Mental health and well-being in the lead-up to the Voice to Parliament.
Image: Fiona Cornforth is wearing hoop earrings, a black shirt and has her hair in a bun. There is a black wall behind her.
Every year, on October 10th, we observe World Mental Health Day, a day dedicated to raising awareness about mental health issues and promoting the importance of mental well-being. This year, Life Without Barriers acknowledges the impact that the public discussion about the Voice to Parliament has on First Nations young people and communities.
A big driver of stress in the lead-up to the October 14 vote is the 'cultural load' born by Aboriginal and Torres Strait Islander people.
Cultural load refers to the invisible workload that falls on Aboriginal and Torres Strait Islander peoples: things like being expected to speak for all First Nations Australians. In relation to the Referendum, Aboriginal and Torres Strait Islander peoples can't be expected to have all the answers and speak about the vote, to anyone.
Burnout is a common consequence of cultural load.
Fiona Cornforth, who runs the National Centre for Aboriginal and Torres Strait Islander Wellbeing Research at the Australian National University (ANU), says there's a burden of expectation on Indigenous people to be experts on the Voice. Ms Cornforth's team have done a study into the psychological impacts of the Referendum.
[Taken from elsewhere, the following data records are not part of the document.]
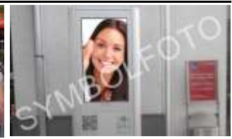
7210, Mattersburg 49.000K / Wo, 0,5m 2 / stnr: 508
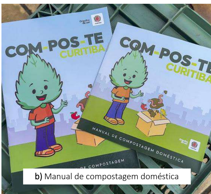
b) Manual de compostagem doméstica
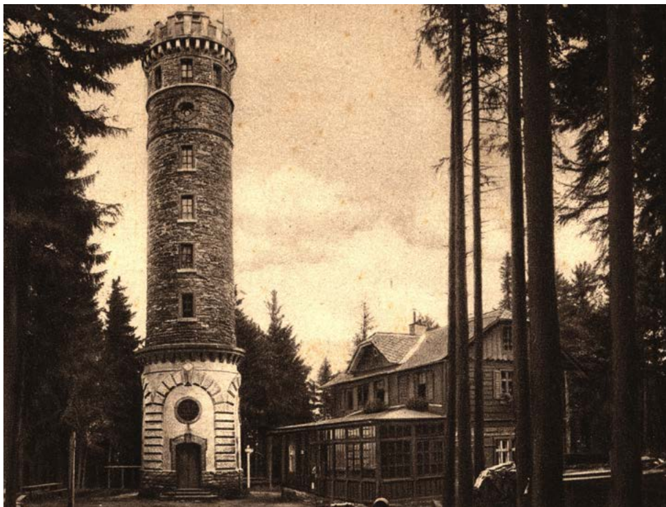
Rozhledna spolu s Medritzerovou chatou.
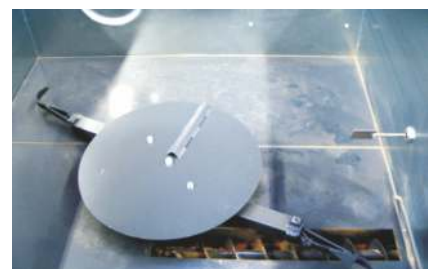
Robustes Rührwerk, Austragarme mit Federmechanismus, Schneckenvorverdichtung
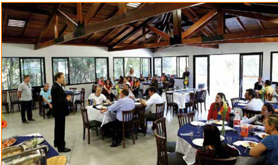
Espaço Gourmet 3: primeiro almoço com funcionários realizado após a construção.

O ano de 2014 teve diversas benfeitorias e acontecimentos importantes. Confira os principais deles:
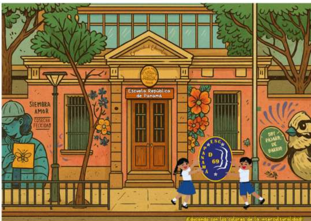
Figura 1. Elaboración propia
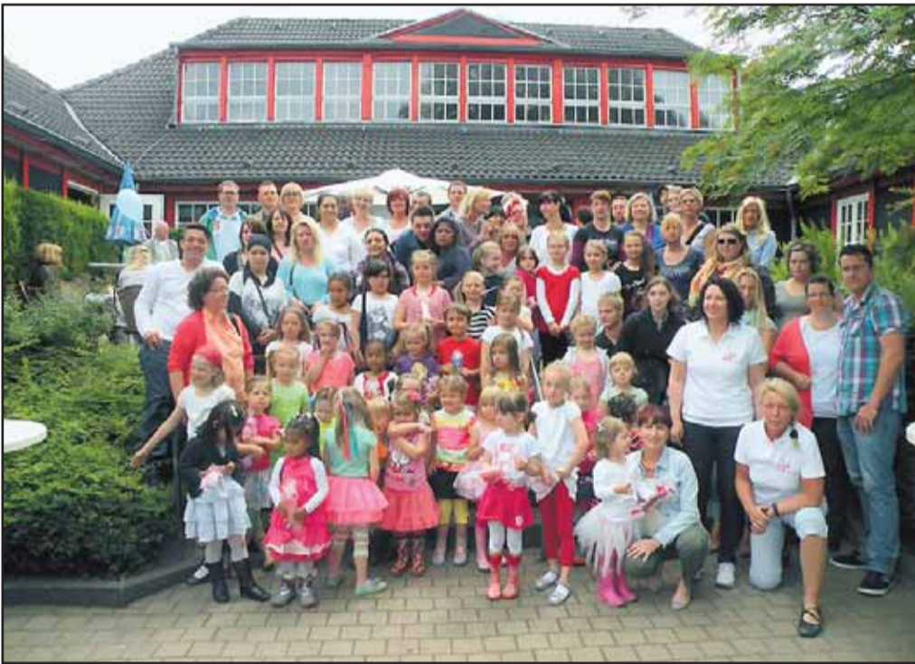
Marktfest in Schonnebeck
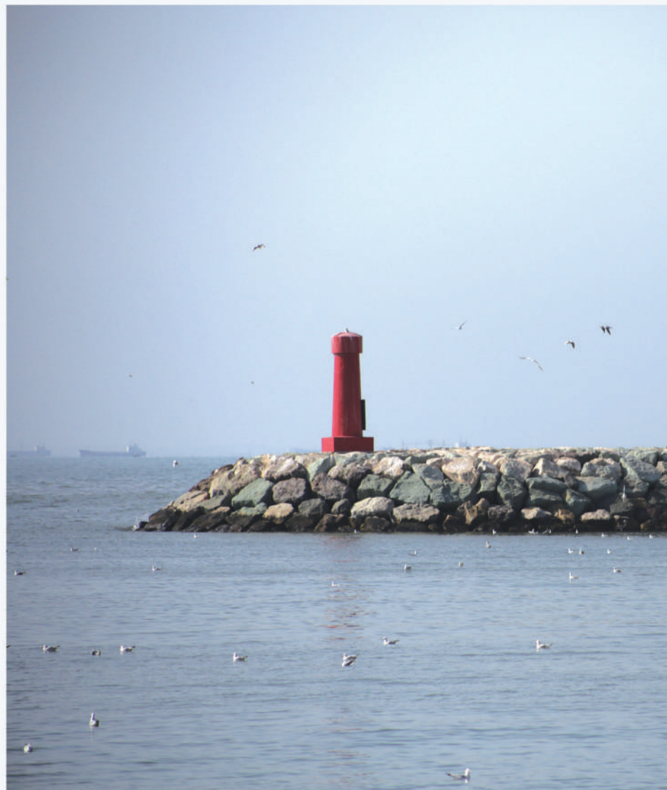
عکس روز | اسکله حقانی، خلیج فارس
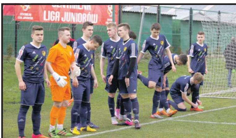
Wychowankowie AP TOP-54 grają m.in. w Legii Warszawa, Queens Park Rangers czy w Ruchu Chorzów

Te kluby i stowarzyszenia, które korzystały czy też obecnie korzystają z środków programu mają na swoim koncie sukcesy nie tylko na regionalnych are-
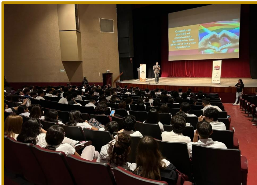
Día 21 de septiembre de 2023. Personal de la Dirección Ejecutiva durante la exposición del programa Mi Primer Voto en el COBACH Villa de Seris.

El jueves 21 de septiembre de 2023, se implementó el programa Mi Primer Voto con el alumnado del COBACH, plantel Villa de Seris . El evento se realizó en el Teatro del COBACH, en el marco de las actividades del 48 aniversario de la institución educativa.
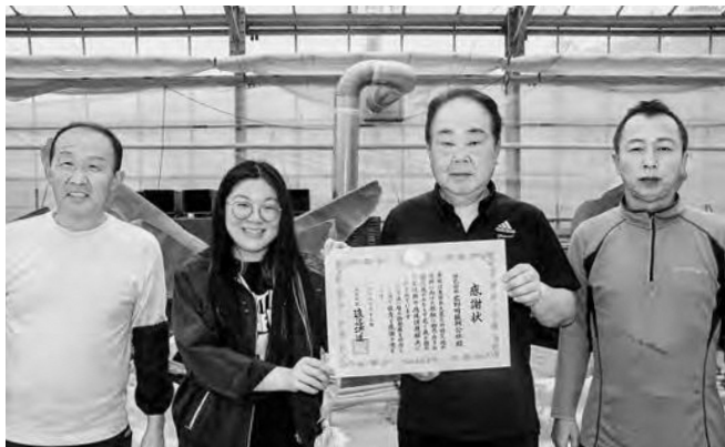
↑ 感謝状の贈呈を受けた中津社長(右から2番目)と職員の皆さん
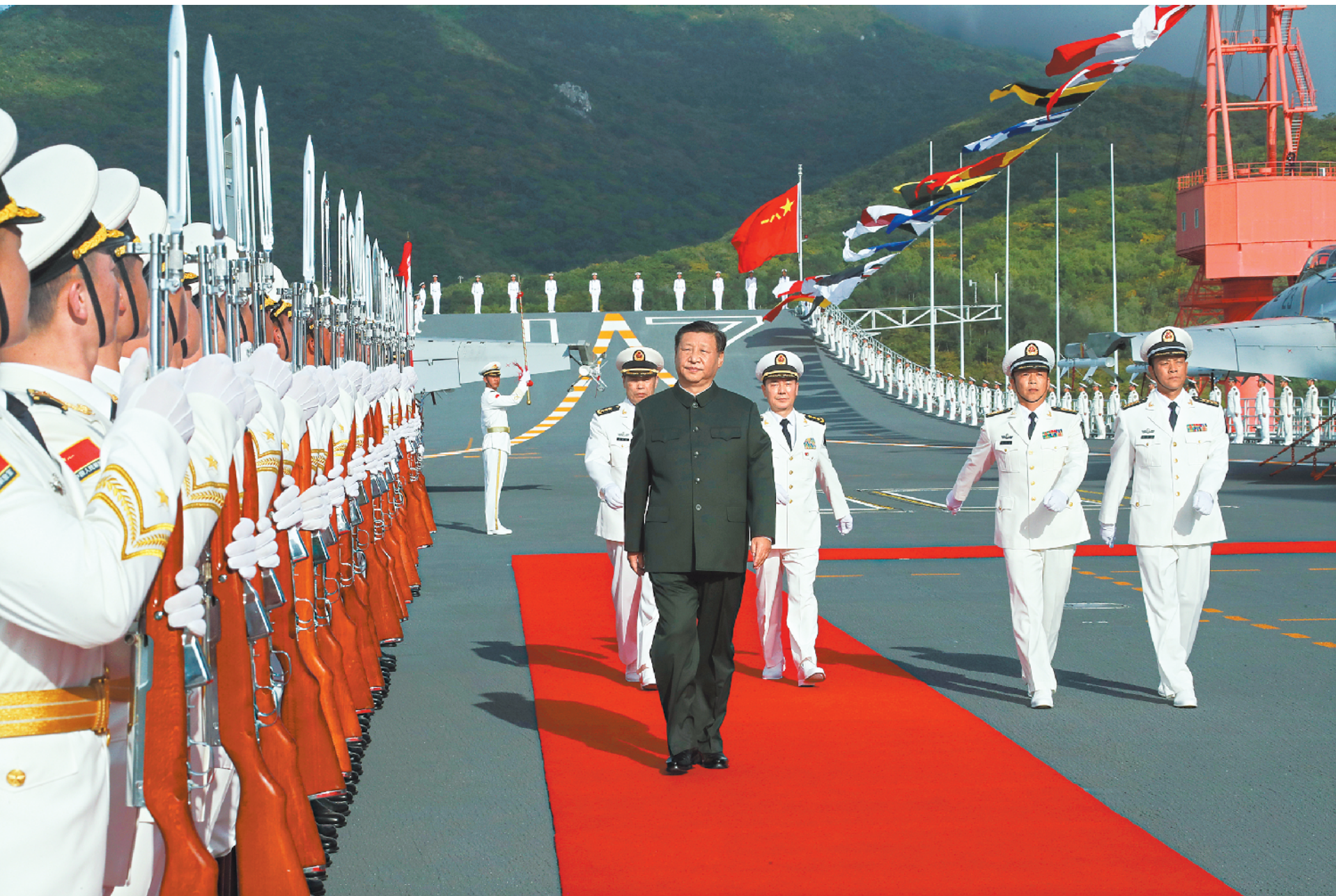
17日，我国第一艘国产航空母舰山东舰在海南三亚某军港交付海军，习近平出席交接入列仪式并登舰视察。仪式结束后，习近平登上山东舰，检阅仪仗队

中央和国家机关有关部门、军委机关有关部门、南部战区、海军、海南省以及航母建设单位的负责同志参加仪式。
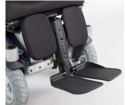
Ap. Pernas Central Elétrico LNX
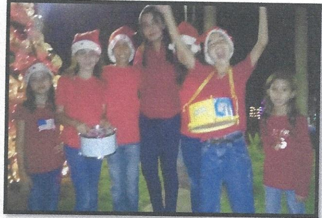
Grupo de estudiantes alegres y felices después de participar en el evento navideño.
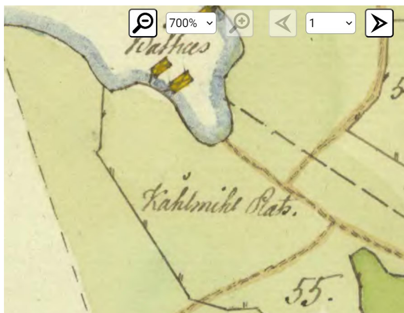
Kolmileplatsen markerad på 1780 års storskifteskarta för Issjö by.

För Issjöbönderna blev försumligheten en dyr affär - 5 Daler silvermynt i böter och fullgörandet av eventuell återstod av leveranserna för åren 1725-27.
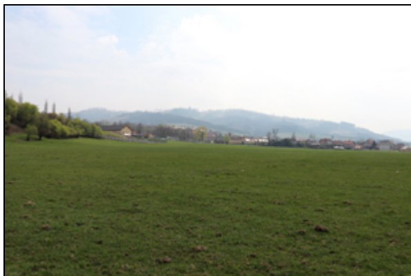
Obr. 11. Kysucký Lieskovec, údolí Kysuce, 13.4.2019
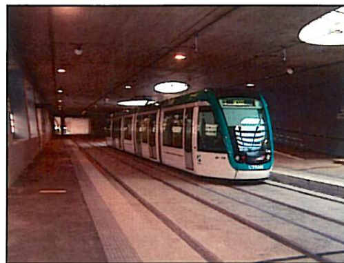
Circulació tramvies interior calaix
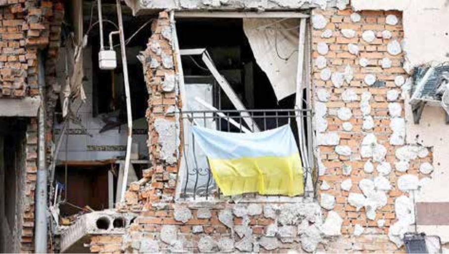
أوكرانيا تسعى بقوة للانضمام إلى الاتحاد الأوروبي

ويُتخذ قرار منح أو رفض وضع المرشح من قبل رؤساء دول وحكومات الاتحاد الأوروبي في القمة التي ستعقد في بروكسل يومي 23 و24 يونيو، مع
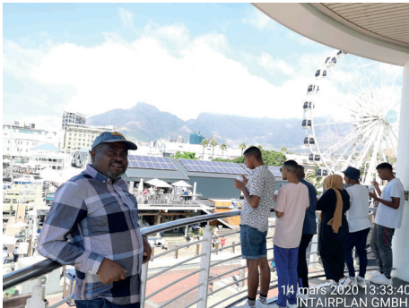
Capetown, un jour avant mon retour à Kigali-Goma
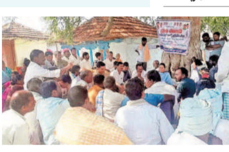
కొల్లూరం: మందాపూర్ గ్రామసభలో ఇందిరమ్మ భరోసా పథకంపై లభికారులను ప్రశ్నిస్తున్న ఓ వ్యక్తి
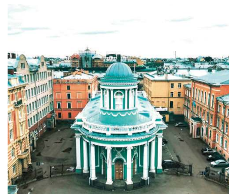
Chapelle Notre-Dame de Fatima Saint Pétersbourg

Le seul aspect positif est le prix peu élevé : 17.000 roubles par mois (225 €). Mais nos prêtres doivent continuer à descendre dans de petits hôtels. Comme pour se rendre à Moscou, ce sont de longs voyages pour atteindre cette superbe ville des Tsars ; je vous laisse imaginer toutes ces nouvelles dépenses.
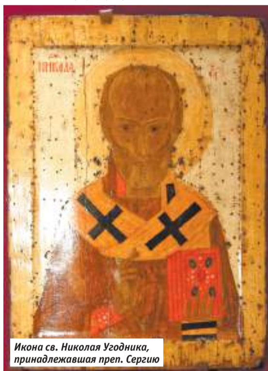
Икона св. Николая Угодника, принадлежавшая преп. Сергию
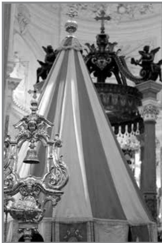
Is-Simboli Bażilikal: It-Tintinnablu, l-Umbrellun u l-Artal Papali
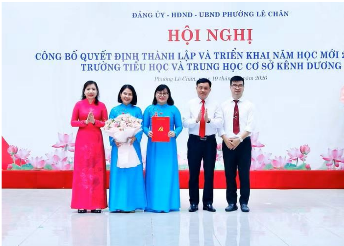
Thường trực Đảng ủy phường trao Quyết định và hoa chúc mừng Chi bộ nhà trường

Hội nghị tiếp tục công bố quyết định về thành lập tổ chức đảng Trường Tiểu học và Trung học cơ sở Kênh Dương. Cụ thể, Chi bộ Trường Tiểu học và Trung học cơ sở Kênh Dương là chi bộ cơ sở trực thuộc Đảng ủy phường Lê Chân gồm 12 đảng viên.
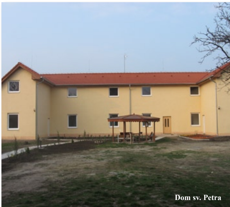
Dom sv. Petra

Centrum Fidúcia slúži pre mužov v núdzi. Nachádzajú sa tu tri objekty. Dva objekty sú vo vlastníctve Spolku sv. Vincenta a tretí objekt je v dlhodobom prenájme od mesta Šurany. Na dom sv. Pavla bol vypracovaný projekt, ktorý bol podporený z Ministerstva práce, sociálnych vecí a rodiny SR a to sumou 26 600 €. 10% prispel Spolok ako spolufinancovanie a to sumou 2 956 €. Urobila sa nová strecha, plastové okná, vchodové dvere a izolácia celého domu. Registrácia zariadenia je na 21 klientov.
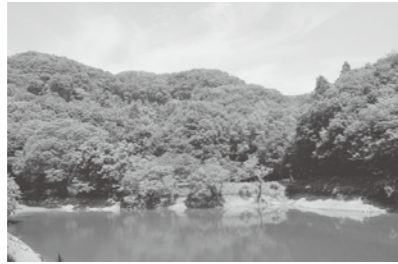
鐘撞堂山 霧ヶ谷津池

問 この事業は農業規模拡大農家の機械や施設に対し助成を行うとのことだが、対象農家数は。 答 経営体育成支援事業として人農地プランに位置付けられた875名に通知し、平成24年度の国の補正事業として11経営体、平成25年度の事業費分として34経営体を予定している。
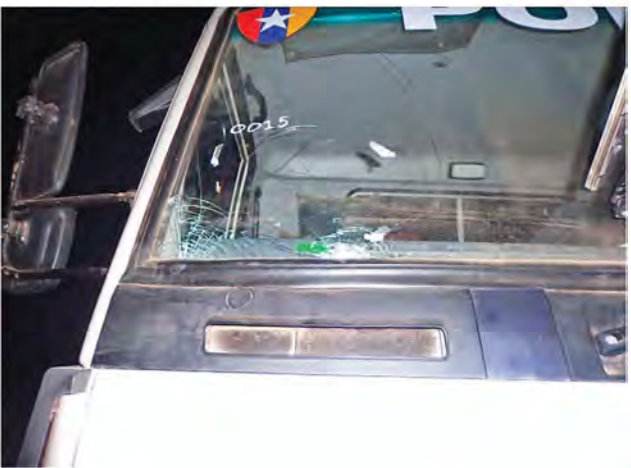
နိုဝင်ဘာ ၀၄ ရက်က စစ်ကိုင်းတိုင်းဒေသကြီး ဆားလင်းကြီးမြို့နယ် လက်ပံတောင်းတောင်ပြစ်စဉ်မှ ဖျက်ဆီးခံရသည့် ယာဉ်တစ်စီးအား တွေ့ရစဉ်။

သောပြဿနာများမဖြစ်ပေါ်စေလို ကြောင်း၊ အေးချမ်းစွာလုစုခွင့်ရန်နှင့် မိမိတို့နစ်နာဆုံးရှုံးမှုများကို ဥပဒေ ဘောင်အတွင်းမှ နည်းလမ်းတကျ ဖြေရှင်းသင့်ကြောင်း၊ တောင်ယာ လုပ်ငန်းခွင်သို့ ပင်ထွက်သွားလာမှု၊ ဆိတ်ကျောင်း၊ နွားကျောင်းသွား လာမှုနှင့် ရိုးသားစွာဖြတ်သန်းသွား လာမှုများကို ခွင့်ပြုပေးလျက်ရှိကြောင်း၊ သို့သော် ပြဿနာဖန်တီးလိုသဖြင့်
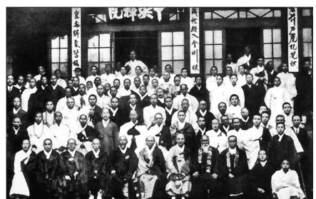
1931년 열린 선학원에서 열린 제1회 전국수좌대회.
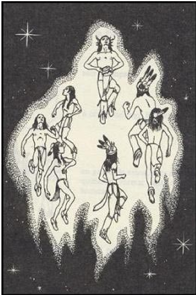
FIGURA 2: LOS SIETE DANZARINES IROQUESES QUE, DE TANTO BAILAR, SE ALZARON HACIA LOS CIELOS Y SE CONVIRTIERON EN LAS PLÉYADES, SEGÚN LA TRADICIÓN IROQUESA. (Kahionhes)

Un día el pequeño Jefe sugirió hacer un banquete en su próximo Consejo ante el Fuego. Cada uno
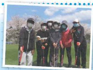
▲イエーイ！ひわきYOU遊女性チーム
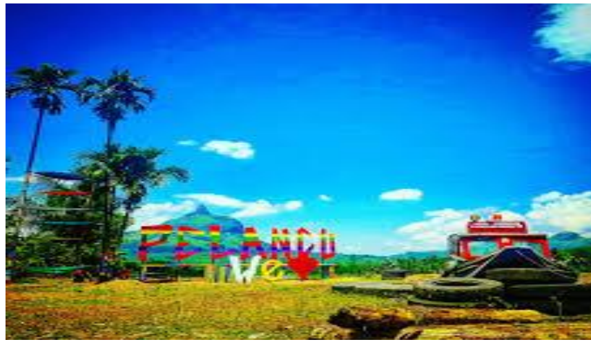
Gambar 2.6 objek wisata Plancu

Plancu merupakan wisata yang berada di tepian sungai lematang yang menonjolkan bukit jempol yang merupakan ikon Kabupaten Lahat. Wisata Plancu terletak di Desa Ulak Pandan, Kecamatan Merapi Barat, Kabupaten Lahat, Provinsi Sumatera Selatan. Objek wisata Plancu dibangun pada Agustus 2017 oleh masyarakat pemuda karang taruna Desa Ulak Pandan dan diresmikan pada tanggal 1 September 2017. Ada beberapa spot untuk berfoto diwisata pelancu yakni ayunan, kupu-kupu raksasa, perahu air, perahu ketek, dan wahana pulau batu untuk wisata air. Jarak tempuh lokasi Objek wisata pelancu ini dari pusat kota Lahat \pm 20 menit menggunakan kendaraan.
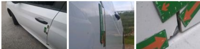
Aile ARG, Bosse(s), LI - Réparer et peindre (complet)
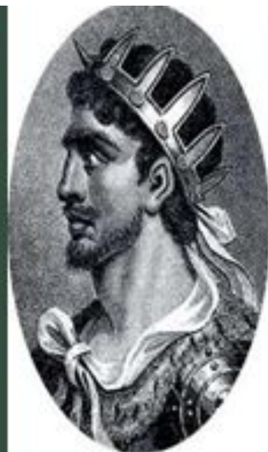
Welcome to Ossetia - Alania!

Ғұндар – көшпелі патриархалды ел. Оларды ақсақалдар кеңесі басқарды. Елді шаньюй биледі. Тақты атадан балаға мұраға қалдырып отырған. Ғұндардың өзіндік құқық қорғау жүйесі болған. Ауыр қылмыстармен опасыздық жасағандарға елім жазасы кесілген. Ал ұсақ қылмыстар үшін айыптының бетін тілген және т.б жазалар қолданған.
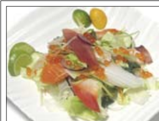
104. Sashimi Salat 8,50 mit japanischem Dressing
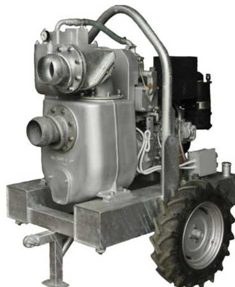
Motopompa Mod. GEO MP6 W
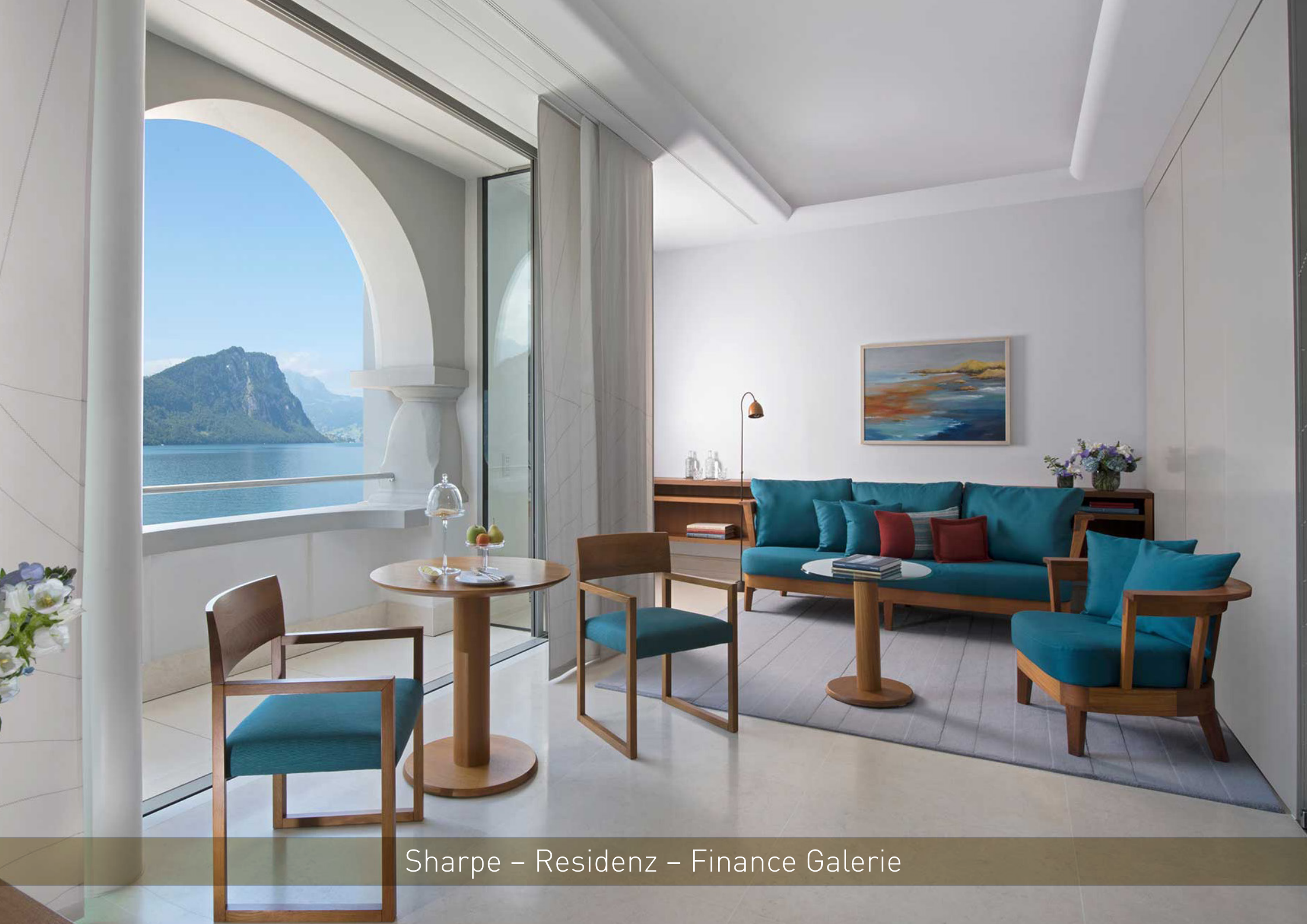
Sharpe – Residenz – Finance Galerie
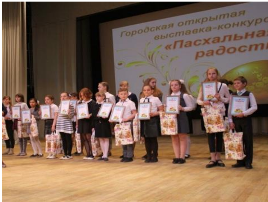
Открытие выставки-конкурса декоративно-прикладного творчества "Пасхальная радость – 2018"

открытие выставки-конкурса декоративно-прикладного творчества "Пасхальная радость – 2018", встреча с победителями конкурса (г. Волгоград, 20 апреля 2018 года);
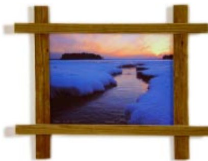
Veen selän polku
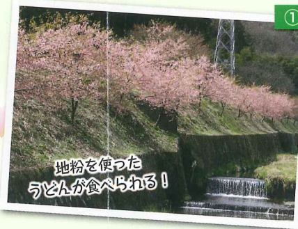
地粉を使った うどんが食べられる!

They interviewed 84 Aboriginal and Torres Strait Islander peoples across Australia and focused on their well-being.
A key theme has come out of the study, walking non-Indigenous people through history is re-traumatising.
"It's like they're constantly putting that Blackfella hat back on us in the sense of having to educate constantly, which then is traumatising…it takes a toll." One interviewee said.
With support from PHXchange, ANU National Centre for Aboriginal and Torres Strait Islander Wellbeing Research has developed tailored factsheets summarising the findings and links to relevant information for:
Mental health is a universal human right and a collective responsibility. Everyone, whoever and wherever they are, has a right to the highest attainable standard of mental health. This includes the right to be protected from mental health risks, the right to available, accessible, acceptable, and good quality care, and the right to liberty, independence and inclusion in the community.
Mental health it’s a collective responsibility. By fostering a culture of empathy, understanding, and support, we can positively impact our organisation and our broader community.
Regardless of your views on the current debate, we encourage you to consider your Indigenous networks in the coming weeks.
If you or anyone you know needs help
In the lead-up to the Referendum, and beyond, know that it’s okay to reach out for support.
Aboriginal & Torres Strait Islander crisis support line 13YARN on 13 92 76
AIMhi-Y: An app to support the well-being of First Nations young people, aged 12-25
Beyond Blue on 1300 224 636
Brother to brother 24-hour crisis line on 1800 435 799
eSafety Commission's First Nations resources
Headspace on 1800 650 890
Kids Helpline on 1800 551 800
Lifeline on 13 11 14
MensLine Australia on 1300 789 978
Suicide Call Back Service on 1300 659 467
If you’re in an emergency situation or need immediate assistance go to your local emergency department or call emergency services on 000.
Be an ally
Racism directed towards Aboriginal and Torres Strait Islander people is likely to continue increasing in the lead-up to, and after, the referendum. This is already being witnessed in online platforms, media outlets, political commentary, and everyday conversations. Stand shoulder to shoulder with those who challenge racism every day. Commit yourself to developing the skills to dismantle racism, and work within your sphere of influence to create meaningful change.
Additional support services and how to make complaints
Call It Out is a secure, online register to report racism and discrimination experienced by First Nations people. Visit Call It Out to report an incident.
The Australian Human Rights Commission is an independent body that investigates complaints about human rights breaches, including discrimination on the basis of race, national or ethnic origin.
Make a complaint to your state or territory-based anti-discrimination commission.